(Records drawn from a dataset)
►

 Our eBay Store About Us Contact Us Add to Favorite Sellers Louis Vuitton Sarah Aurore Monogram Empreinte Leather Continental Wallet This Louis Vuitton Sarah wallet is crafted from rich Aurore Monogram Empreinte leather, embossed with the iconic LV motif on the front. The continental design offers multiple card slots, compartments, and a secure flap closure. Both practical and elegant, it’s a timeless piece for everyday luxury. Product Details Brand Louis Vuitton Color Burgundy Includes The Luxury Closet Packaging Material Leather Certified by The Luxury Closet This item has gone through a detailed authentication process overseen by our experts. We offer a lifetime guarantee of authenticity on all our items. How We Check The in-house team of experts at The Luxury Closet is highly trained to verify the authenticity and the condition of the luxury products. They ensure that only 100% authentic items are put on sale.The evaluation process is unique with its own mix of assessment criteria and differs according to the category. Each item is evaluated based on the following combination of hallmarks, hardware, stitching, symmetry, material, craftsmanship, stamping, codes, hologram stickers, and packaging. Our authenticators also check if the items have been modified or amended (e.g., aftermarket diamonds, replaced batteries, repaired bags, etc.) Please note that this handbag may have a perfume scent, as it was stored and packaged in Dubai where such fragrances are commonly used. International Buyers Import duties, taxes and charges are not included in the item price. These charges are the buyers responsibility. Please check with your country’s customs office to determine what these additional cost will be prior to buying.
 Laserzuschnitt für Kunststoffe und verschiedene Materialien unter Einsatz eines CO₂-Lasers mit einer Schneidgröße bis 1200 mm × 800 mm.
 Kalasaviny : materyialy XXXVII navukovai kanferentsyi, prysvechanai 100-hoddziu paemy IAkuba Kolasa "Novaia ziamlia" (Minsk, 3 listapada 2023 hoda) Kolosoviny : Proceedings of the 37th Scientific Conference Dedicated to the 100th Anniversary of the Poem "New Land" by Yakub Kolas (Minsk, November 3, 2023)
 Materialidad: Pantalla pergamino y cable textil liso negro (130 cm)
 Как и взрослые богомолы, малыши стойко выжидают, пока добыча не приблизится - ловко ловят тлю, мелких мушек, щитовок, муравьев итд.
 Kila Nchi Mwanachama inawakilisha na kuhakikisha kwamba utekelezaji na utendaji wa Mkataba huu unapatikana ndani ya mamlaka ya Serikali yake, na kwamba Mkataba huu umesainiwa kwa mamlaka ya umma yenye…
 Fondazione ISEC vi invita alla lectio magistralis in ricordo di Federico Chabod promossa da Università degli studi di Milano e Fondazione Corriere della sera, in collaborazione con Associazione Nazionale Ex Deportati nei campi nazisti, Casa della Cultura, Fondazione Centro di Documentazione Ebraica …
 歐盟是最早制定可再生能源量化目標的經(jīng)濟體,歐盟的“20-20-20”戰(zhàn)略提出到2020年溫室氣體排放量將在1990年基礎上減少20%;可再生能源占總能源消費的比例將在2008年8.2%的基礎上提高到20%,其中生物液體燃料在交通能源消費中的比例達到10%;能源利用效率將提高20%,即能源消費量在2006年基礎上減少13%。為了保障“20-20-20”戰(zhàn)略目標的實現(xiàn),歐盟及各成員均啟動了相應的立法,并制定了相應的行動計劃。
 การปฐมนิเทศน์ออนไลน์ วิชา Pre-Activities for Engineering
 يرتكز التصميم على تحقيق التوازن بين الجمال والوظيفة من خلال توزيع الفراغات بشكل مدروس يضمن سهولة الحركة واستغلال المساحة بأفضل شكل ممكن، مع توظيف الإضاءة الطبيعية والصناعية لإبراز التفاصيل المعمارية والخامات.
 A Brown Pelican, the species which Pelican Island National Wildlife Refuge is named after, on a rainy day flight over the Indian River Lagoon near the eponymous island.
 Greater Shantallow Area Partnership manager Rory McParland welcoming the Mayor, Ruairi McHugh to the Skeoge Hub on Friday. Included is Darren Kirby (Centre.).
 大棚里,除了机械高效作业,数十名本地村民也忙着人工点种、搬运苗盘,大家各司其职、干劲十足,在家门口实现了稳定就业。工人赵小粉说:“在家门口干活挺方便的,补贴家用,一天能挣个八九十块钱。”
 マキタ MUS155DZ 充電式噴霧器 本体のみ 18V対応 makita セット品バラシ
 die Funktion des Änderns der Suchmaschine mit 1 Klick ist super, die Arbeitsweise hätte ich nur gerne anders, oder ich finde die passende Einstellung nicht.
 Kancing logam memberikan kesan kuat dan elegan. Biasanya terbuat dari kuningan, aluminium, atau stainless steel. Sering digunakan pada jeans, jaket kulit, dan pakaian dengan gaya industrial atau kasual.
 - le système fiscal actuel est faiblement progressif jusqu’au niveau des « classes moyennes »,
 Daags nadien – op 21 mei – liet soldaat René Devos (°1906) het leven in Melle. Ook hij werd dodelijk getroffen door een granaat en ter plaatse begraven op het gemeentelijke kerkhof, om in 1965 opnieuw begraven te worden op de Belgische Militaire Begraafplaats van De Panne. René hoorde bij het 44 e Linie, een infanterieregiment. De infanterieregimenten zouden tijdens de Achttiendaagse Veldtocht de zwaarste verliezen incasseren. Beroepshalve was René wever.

◄

*WORK ITEM*: Your task is to retype the data exactly, with no line missing.

*ANSWER SECTION*:
 Our eBay Store About Us Contact Us Add to Favorite Sellers Louis Vuitton Sarah Aurore Monogram Empreinte Leather Continental Wallet This Louis Vuitton Sarah wallet is crafted from rich Aurore Monogram Empreinte leather, embossed with the iconic LV motif on the front. The continental design offers multiple card slots, compartments, and a secure flap closure. Both practical and elegant, it’s a timeless piece for everyday luxury. Product Details Brand Louis Vuitton Color Burgundy Includes The Luxury Closet Packaging Material Leather Certified by The Luxury Closet This item has gone through a detailed authentication process overseen by our experts. We offer a lifetime guarantee of authenticity on all our items. How We Check The in-house team of experts at The Luxury Closet is highly trained to verify the authenticity and the condition of the luxury products. They ensure that only 100% authentic items are put on sale.The evaluation process is unique with its own mix of assessment criteria and differs according to the category. Each item is evaluated based on the following combination of hallmarks, hardware, stitching, symmetry, material, craftsmanship, stamping, codes, hologram stickers, and packaging. Our authenticators also check if the items have been modified or amended (e.g., aftermarket diamonds, replaced batteries, repaired bags, etc.) Please note that this handbag may have a perfume scent, as it was stored and packaged in Dubai where such fragrances are commonly used. International Buyers Import duties, taxes and charges are not included in the item price. These charges are the buyers responsibility. Please check with your country’s customs office to determine what these additional cost will be prior to buying.
 Laserzuschnitt für Kunststoffe und verschiedene Materialien unter Einsatz eines CO₂-Lasers mit einer Schneidgröße bis 1200 mm × 800 mm.
 Kalasaviny : materyialy XXXVII navukovai kanferentsyi, prysvechanai 100-hoddziu paemy IAkuba Kolasa "Novaia ziamlia" (Minsk, 3 listapada 2023 hoda) Kolosoviny : Proceedings of the 37th Scientific Conference Dedicated to the 100th Anniversary of the Poem "New Land" by Yakub Kolas (Minsk, November 3, 2023)
 Materialidad: Pantalla pergamino y cable textil liso negro (130 cm)
 Как и взрослые богомолы, малыши стойко выжидают, пока добыча не приблизится - ловко ловят тлю, мелких мушек, щитовок, муравьев итд.
 Kila Nchi Mwanachama inawakilisha na kuhakikisha kwamba utekelezaji na utendaji wa Mkataba huu unapatikana ndani ya mamlaka ya Serikali yake, na kwamba Mkataba huu umesainiwa kwa mamlaka ya umma yenye…
 Fondazione ISEC vi invita alla lectio magistralis in ricordo di Federico Chabod promossa da Università degli studi di Milano e Fondazione Corriere della sera, in collaborazione con Associazione Nazionale Ex Deportati nei campi nazisti, Casa della Cultura, Fondazione Centro di Documentazione Ebraica …
 歐盟是最早制定可再生能源量化目標的經(jīng)濟體,歐盟的“20-20-20”戰(zhàn)略提出到2020年溫室氣體排放量將在1990年基礎上減少20%;可再生能源占總能源消費的比例將在2008年8.2%的基礎上提高到20%,其中生物液體燃料在交通能源消費中的比例達到10%;能源利用效率將提高20%,即能源消費量在2006年基礎上減少13%。為了保障“20-20-20”戰(zhàn)略目標的實現(xiàn),歐盟及各成員均啟動了相應的立法,并制定了相應的行動計劃。
 การปฐมนิเทศน์ออนไลน์ วิชา Pre-Activities for Engineering
 يرتكز التصميم على تحقيق التوازن بين الجمال والوظيفة من خلال توزيع الفراغات بشكل مدروس يضمن سهولة الحركة واستغلال المساحة بأفضل شكل ممكن، مع توظيف الإضاءة الطبيعية والصناعية لإبراز التفاصيل المعمارية والخامات.
 A Brown Pelican, the species which Pelican Island National Wildlife Refuge is named after, on a rainy day flight over the Indian River Lagoon near the eponymous island.
 Greater Shantallow Area Partnership manager Rory McParland welcoming the Mayor, Ruairi McHugh to the Skeoge Hub on Friday. Included is Darren Kirby (Centre.).
 大棚里,除了机械高效作业,数十名本地村民也忙着人工点种、搬运苗盘,大家各司其职、干劲十足,在家门口实现了稳定就业。工人赵小粉说:“在家门口干活挺方便的,补贴家用,一天能挣个八九十块钱。”
 マキタ MUS155DZ 充電式噴霧器 本体のみ 18V対応 makita セット品バラシ
 die Funktion des Änderns der Suchmaschine mit 1 Klick ist super, die Arbeitsweise hätte ich nur gerne anders, oder ich finde die passende Einstellung nicht.
 Kancing logam memberikan kesan kuat dan elegan. Biasanya terbuat dari kuningan, aluminium, atau stainless steel. Sering digunakan pada jeans, jaket kulit, dan pakaian dengan gaya industrial atau kasual.
 - le système fiscal actuel est faiblement progressif jusqu’au niveau des « classes moyennes »,
 Daags nadien – op 21 mei – liet soldaat René Devos (°1906) het leven in Melle. Ook hij werd dodelijk getroffen door een granaat en ter plaatse begraven op het gemeentelijke kerkhof, om in 1965 opnieuw begraven te worden op de Belgische Militaire Begraafplaats van De Panne. René hoorde bij het 44 e Linie, een infanterieregiment. De infanterieregimenten zouden tijdens de Achttiendaagse Veldtocht de zwaarste verliezen incasseren. Beroepshalve was René wever.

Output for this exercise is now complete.